Please transcribe exactly the lines from the line holding "있다. (양성희 기자) |" through the end of the data below, and skip any pictures.

* [Data block]

.....

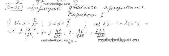 Готовая домашняя работа с ответами по Алгебре за 10 класс Александрова Самостоятельные работы Базовый уровень Мнемозина 2017 ФГОС - СР-28. Формулы двойного аргумента вариант 1
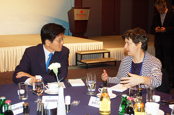 ▲ 17일 경기 수원시 팔달구 라마다플라자에서 열린 오찬에서 김문수 경기도지사와 영국 가디언지의 주디스 솔 부편집장이 대화를 나누고 있다. (양성희 기자) |
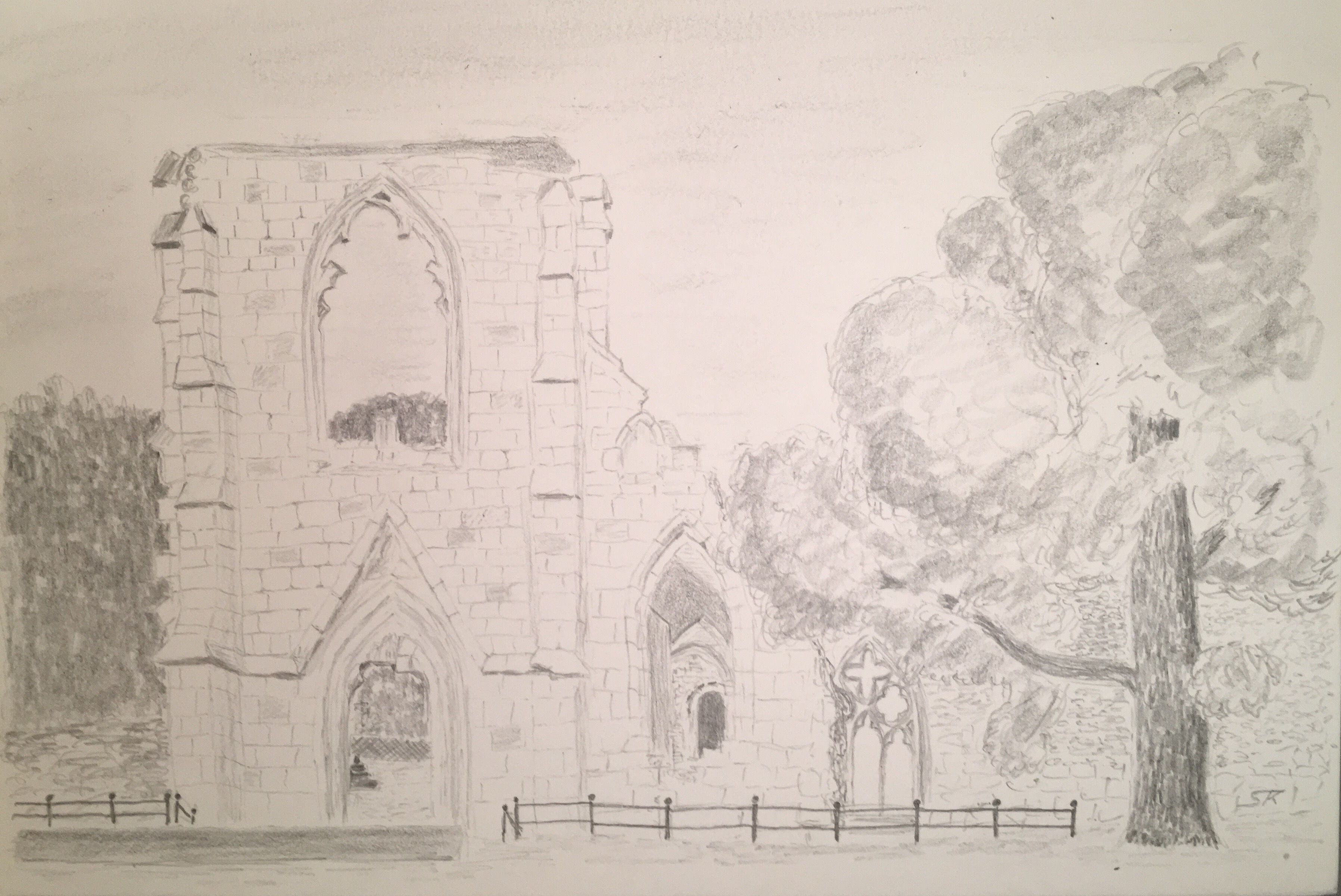 Nun, den Anfang machte die Kirche des Klosters Neuwerk. Ein schöner Blick durch die Bögen wollte aufs Papier. Das ist doch ein gutes Motiv, um an einem schnelleren Stil für mich zu arbeiten.
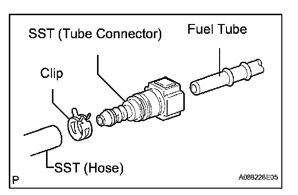 1. Install the fuel tube connector to SST (hose), then connect the tube connector to the fuel pipe (vehicle side).

.....

* [Response area]
 ▲ 17일 경기 수원시 팔달구 라마다플라자에서 열린 오찬에서 김문수 경기도지사와 영국 가디언지의 주디스 솔 부편집장이 대화를 나누고 있다. (양성희 기자) |
 Nun, den Anfang machte die Kirche des Klosters Neuwerk. Ein schöner Blick durch die Bögen wollte aufs Papier. Das ist doch ein gutes Motiv, um an einem schnelleren Stil für mich zu arbeiten.
 1. Install the fuel tube connector to SST (hose), then connect the tube connector to the fuel pipe (vehicle side).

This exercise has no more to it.